About the event
This panel on architectural and public health policy responses to poverty and disease at the turn of the 20th century is part of a series of events developed around the forthcoming exhibition The Lung Block: A New York City Slum and Its Forgotten Italian Immigrant Community, on display at Department of Records building at 31 Chambers Street starting April 25, 2019, and in the vitrines of the Graduate Center, CUNY. The show draws upon Stefano Morello and Kerri Culhane’s recent scholarship examining the progressive narrative of the Lung Block as the slum-epicenter of disease, contrasting it with the lived experience of the majority Italian immigrant residents. Join Katherine LaGuardia, Steve Brier, Nancy Carnevale and others to discuss these issues.
The discourse surrounding the Lung Block illustrates a typical pattern of slum-making and
gentrification, and in many ways typified the plight and perceived perils of the Lower East
Side immigrant in the popular imagination.

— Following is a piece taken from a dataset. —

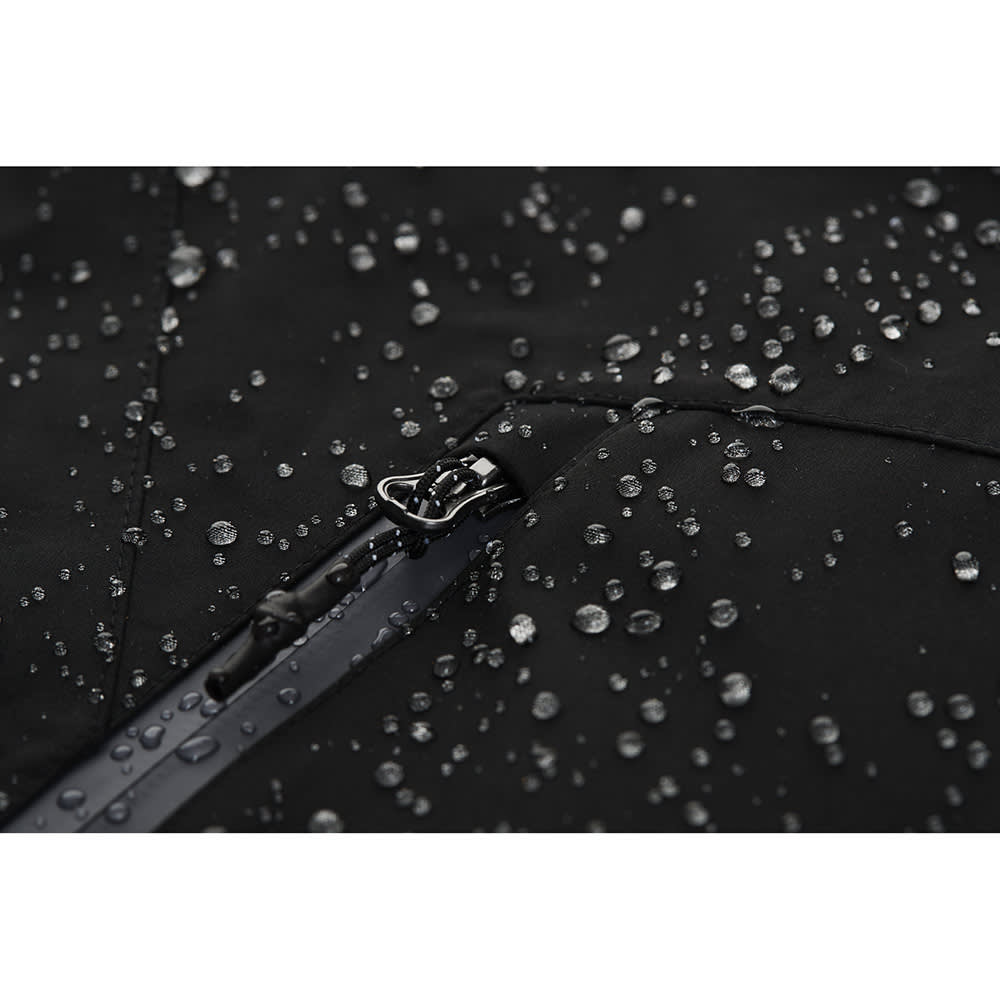 | Features | Centre front exposed contrast waterproof zipper, interior zipper flap with chin guard, lower exposed contrast waterproof zipper pockets, interior media pocket, hood with elastic drawcord and exterior cordlocks, adjustable laminated cuff tabs with hook and loop closure, elastic drawcord at hem with interior cordlocks, dropped back hem, lower pocket hem cinch access, easy grip zipper pulls, heat transfer main label for tagless comfort, interior media exit port, fully seam sealed, articulated elbows, ergonomic sleeves, zipper garage pocket feature, laminated peak. |

At this time – when anti-immigrant sentiment has been brought to the fore on the political stage; the very real connection between health and housing continues to be explored; and affordable housing and gentrification remain among the most contentious topics in local debate – the Lung Block story has many parallels in the present.
Join us for this panel that explores themes that expand this important history to discuss:
• The Lower East Side slum as a historical, social and architectural construct;
• The emergent field of public health and its response to disease;
• The progressive reform movement and its conflicted role in reinforcing and alleviating slum and worker conditions;
• The immigrant experience of the Lung Block, from the personal to the political,including the stories of Italian immigrant residents during the early twentieth century;
• Architectural and policy responses to poverty, disease and reform.
Co-sponsored by New York City’s Department of Records, The Calandra Institute, and Queens College Makerspace.